Soccer balls hang from the open ceiling across the sales floor. Staff wear team jerseys. A wall-sized LED video board carries the match live, so shoppers can follow the game without breaking stride, and smaller screens repeat it near the front end. Foosball tables sit out in the open, where children, and a few adults, play a quick game while the family shops.

Produce and Dinning Areas at Talpa Supermercados

None of it is decoration for its own sake. It is dwell time, engineered. Talpa pairs the soccer atmosphere with in-store eateries, a taqueria and restaurant counters serving fresh food with seating in front of each, plus La Niña Ice Cream Factory for dessert. The result is a place where a shopper can browse, eat and linger for the better part of a day, which is exactly the behavior that lifts basket size and brings households back. The chain has wrapped the moment in its own “La Mejor Selección” (The Best Selection) campaign, a soccer-themed sweepstakes with QR codes, participating products and prizes that gives shoppers a reason to engage beyond a single trip.

Fresh as the main attraction

Fresh Produce at Talpa Supermercado

The perishable departments do the heavy lifting. Produce is stacked high and turned often. There is a dairy set, a deli, a bakery and a working tortilleria pressing tortillas on site. The anchor, though, is one of the largest fresh meat and seafood departments in a store this size.
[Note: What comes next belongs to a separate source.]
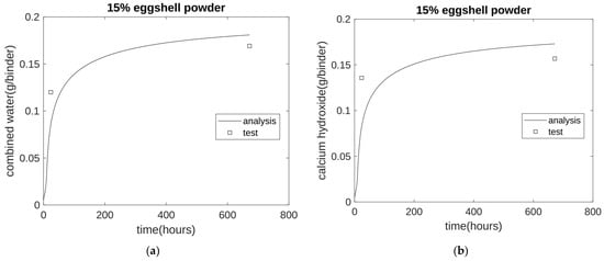 Figure 4a,b show the predicted results of chemically bound water and calcium hydroxide for the 7.5% eggshell powder specimen, and Figure 5a,b show the predicted results of chemically bound water and calcium hydroxide for the 15% eggshell powder specimen. From Figure 3a, Figure 4a, and Figure 5a, we can see that at 28 days, for the samples with eggshell powder content of 0%, 7.5%, and 15%, the chemically bound water at 28 days is 0.191, 0.188, and 0.180 g/g binder, respectively. As the eggshell powder content increases from 0 to 15%, the mass of chemically bound water per gram of binder decreases. This is because in the later stage of curing, as the eggshell powder content increases, the dilution effect of the eggshell powder plays a dominant role, reducing the amount of chemically bound water generated. From Figure 3b, Figure 4b, and Figure 5b, at 28 days, for samples with 0%, 7.5%, and 15% eggshell powder, the calcium hydroxide at 28 days is 0.183, 0.179, and 0.173 g/g binder, respectively. The development trend of calcium hydroxide is similar to that of chemically bound water. In addition, we can see that at 28 days, as shown in Figure 5a (15% eggshell powder), the calculated chemically bound water is slightly higher than the experimental chemically bound water. This may be because in the calculation, we ignored the pore refinement effect of the chemical reaction of eggshell powder. In our calculation, it is assumed that all capillary water (W0 − 0.38 C0α) can be used by cement hydration. However, the chemical reaction of eggshell powder will refine the pores, resulting in an increase in the fine pore content [26,27]. In fact, the capillary water available for cement hydration reaction is lower than (W0 − 0.38 C0α). Since this pore refinement effect is not considered in our calculation, the calculated values of hydration degree and chemically bound water are slightly higher. At 28 days, for the specimens containing 15% eggshell powder, the calculated results of chemically bound water and calcium hydroxide are slightly higher than the experimental results.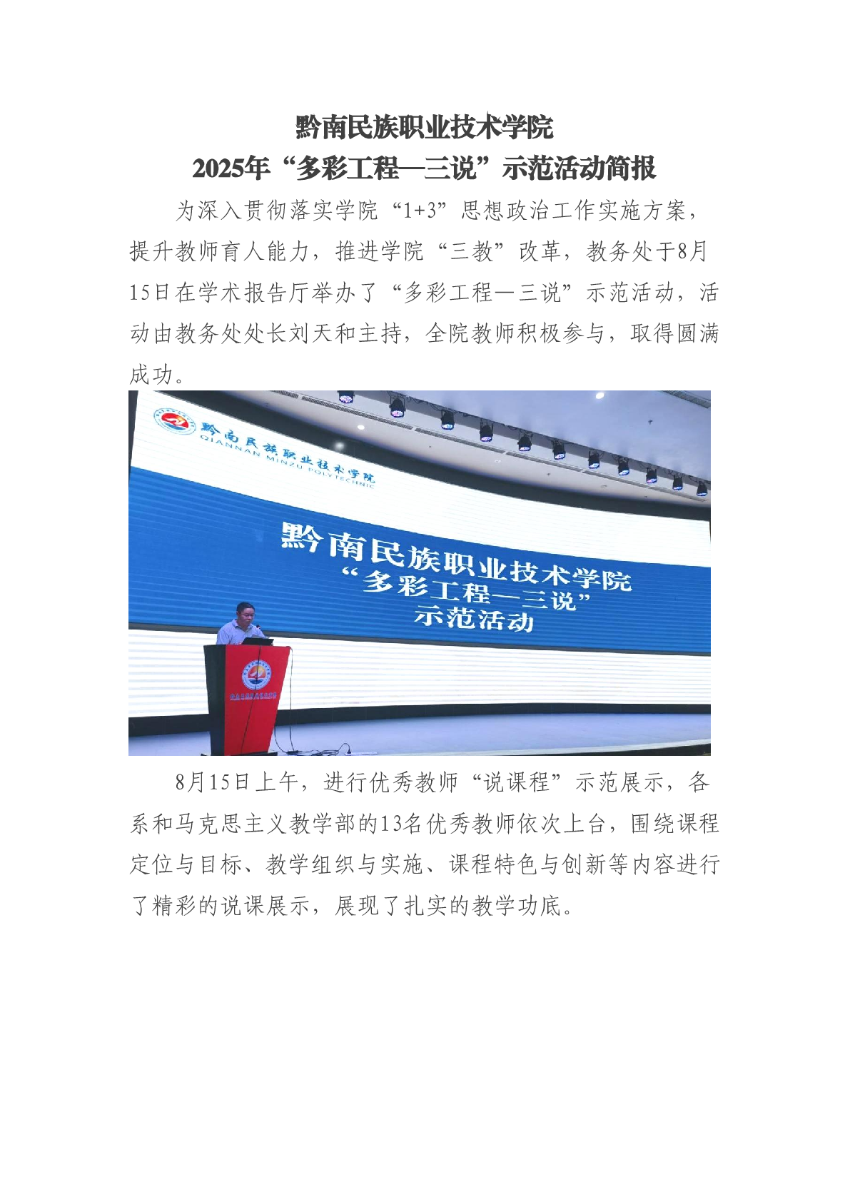 黔南民族职业技术学院2025年“多彩工程—三说”示范活动简报

The carniceria and marisqueria counters stay busy with customers placing custom-cut orders, and that volume tells its own story. When this many shoppers are buying made to order, the perception, and very likely the reality, is that the meat and seafood are as fresh as anything around.

Service you can see

The most striking detail, in an era of trimmed labor and self-checkout banks, is the staffing. Every register is manned by a cashier. Lines are short. Associates work the floor, stocking, facing shelves and ready to help. The store feels fully crewed, and shoppers move through it without friction. That level of visible service is increasingly rare, and it is a differentiator any grocer can choose to invest in.

Culture as merchandising

What ties it together is cultural fluency that reads as authentic rather than applied. Spanish-language signage, department names and promotions speak directly to the community. A mural along one wall reads “Conocemos Herencia Latina,” a nod to Latin heritage, and the World Cup activation runs through displays, jersey-clad staff and gamified promotions instead of being bolted on as a seasonal afterthought. Talpa bills itself as the largest Hispanic supermarket in Georgia, with more than half a dozen locations, and the Chamblee store shows what that positioning looks like when every element, store, staff and atmosphere, is aligned and managed well.

The market behind the moment

The timing is not incidental. U.S. Hispanic spending power is large and growing. NIQ estimates it at roughly $2.7 trillion and credits Hispanic households with an outsized share of total U.S. dollar growth, while the Latino Donor Collaborative has noted that U.S. Latino economic output, treated as a standalone country, would rank among the largest economies in the world. The Hispanic population is projected to exceed 74 million by 2028, and Hispanic shoppers have steered more of their spending toward food and club channels even as overall discretionary spending tightened in 2025, according to Circana.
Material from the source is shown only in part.